Raiffeisen Bank Hungary posted a EUR57m profit in Q1-Q3, falling by 38.7% y/y, the Austrian parent RBI reported. The deterioration was on account of lower releases of impairment loss provisions, which is a common trend for the Hungarian banking sector this year due to high base effects. Provision releases were still relatively high at EUR19m, which the bank explained with successful collection activity and increased mortgage collateral valuations. On the other hand, operating profit of Raiffeisen Bank Hungary rose slightly by 4.5% y/y for the period, reflecting expenditure savings. The bank managed to cut its general administrative expenses by 7.8% y/y, partly on the back of lower IT expenses.

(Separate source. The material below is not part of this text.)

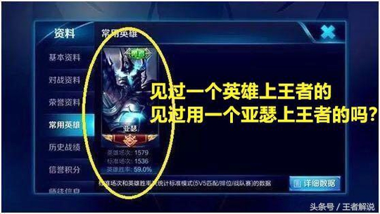其实王者解说觉得这样的说法真的是一点问题都没有的。毕竟英雄池的深浅真的决定了大部分玩家的段位情况。但是,凡是都有例外。我们也看到过很多一个英雄上王者的玩家。但是,通常来说,能用一个英雄上王者的都是大神级玩家,而且用的英雄基本上也都是比较强势的英雄。但是,今天王者解说就看到一位只用一个老亚瑟就上了五个赛季王者的玩家。
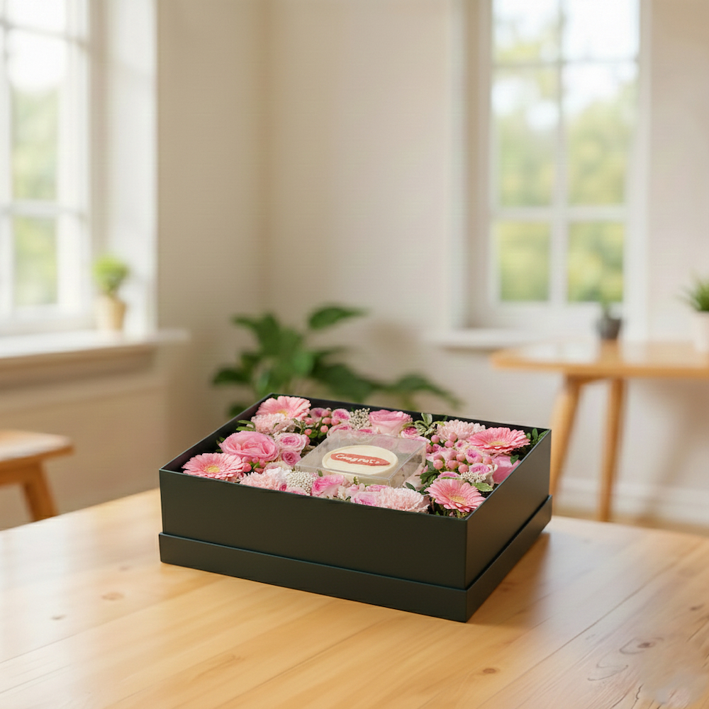 صندوق يحتوي على الجوري، الكارنيشن، الجيربيرا والهايبريكوم مع الكيكة الصغيرة.

Total operating income fell by 3.3% y/y to EUR175m in Q1-Q3. The decline was due to higher negative other net operating income due to the deconsolidation of a real estate fund, the bank said. Net interest income was also lower y/y on account of low interest rates. This was partly offset by slight increase in net trading income net income from fees and commissions, possibly on the back of rising business volumes, in our view.
The loan portfolio of the Raiffeisen Bank Hungary expanded by 12.5% y/y. NPLs represented a 6.3% share in the total loan stock, down by 3pps y/y. The loan expansion was financed out of deposits and the loan-to-deposit ratio fell to 66.7% at end-Q3. Total assets amounted to EUR7,150m and rose by 0.7% y/y. Raiffeisen Bank Hungary was the fifth largest bank in Hungary in terms of total asset volume as of end-2017.